What they’re not good at

  • Multi-step planning under uncertainty. Anything that requires holding a mental model of a system, deciding what to try, observing the outcome, and adjusting — current models are mediocre at this. They tend to commit early, then double down.
  • Knowing when they don’t know. This is the one that bites in production. The failure mode isn’t a wrong answer; it’s a fluent, structured, internally consistent wrong answer that costs you thirty minutes and 30k tokens to disprove.
  • Novel reasoning. If the answer is in their training distribution, they nail it. If it’s an unusual interaction between two systems they’ve each seen separately, expect plausible nonsense.
  • Anything where the cost of being wrong is asymmetric. Migrations. Auth changes. Anything that touches money. The model doesn’t know the blast radius and won’t ask.

The infrastructure reality

Everyone wants to talk about capabilities. Almost no one wants to talk about what running this stuff actually looks like.

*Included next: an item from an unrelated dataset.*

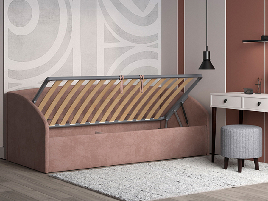 - Встроенное ортопедическое основание с механизмом подъема выдерживает 150 кг на одно спальное место.
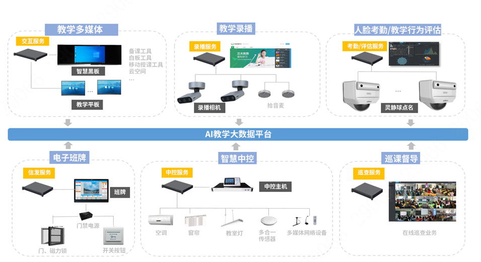 智慧教室解決方案貫穿教、學、評、管整體業(yè)務,系統(tǒng)涵蓋教學多媒體、教學錄播、課堂點名(人臉無感考勤)、教學行為評估、智慧班牌、智慧中控、巡課督導等。

  • Latency budgets get blown immediately. A “fast” small model still costs you a couple hundred milliseconds per call, and the agentic patterns people are excited about make a dozen calls. Plan for it.
  • Throughput math is ugly. GPUs are not stateless workers. Batching matters. Tail latency matters. You will end up running fewer replicas at higher utilization than you think, or your cost model collapses.
  • Determinism is a fiction unless you make it one. Same prompt, same model, same temperature — different output. If your downstream depends on stable structure, validate at the boundary, retry on schema failure, and stop assuming the model will be consistent across versions.
  • Eval is the actual hard part. Anyone can ship a prompt. Telling whether your prompt got better or worse over time, at scale, on real traffic — that’s the engineering problem, and it looks more like A/B testing than ML.

How I actually use it

In day-to-day work:

  • For unfamiliar APIs, I use it as a faster docs reader. I always verify against the real docs before running anything destructive.
  • For boilerplate, I let it write the first draft and edit aggressively. The “edit” is where the value lives.
  • For debugging, I describe the symptom and let it propose hypotheses. Then I test them myself. The hypotheses are often better than the conclusions.

What I don’t do:

  • Let it run unsupervised against systems it can damage.
  • Trust its summaries of source code I haven’t read at least once.
  • Let it design the system. It’s a great pair-programmer and a terrible architect.

The honest pitch

If you’re a manager and you’re trying to decide what to do about AI: it’s a productivity multiplier on the parts of the job that look like text-shuffling, and it’s roughly neutral on everything else. The teams winning with it aren’t the ones using it the most — they’re the ones who got serious about evaluation, scoped its use to places it’s actually good at, and didn’t let the hype bleed into commitments they couldn’t keep.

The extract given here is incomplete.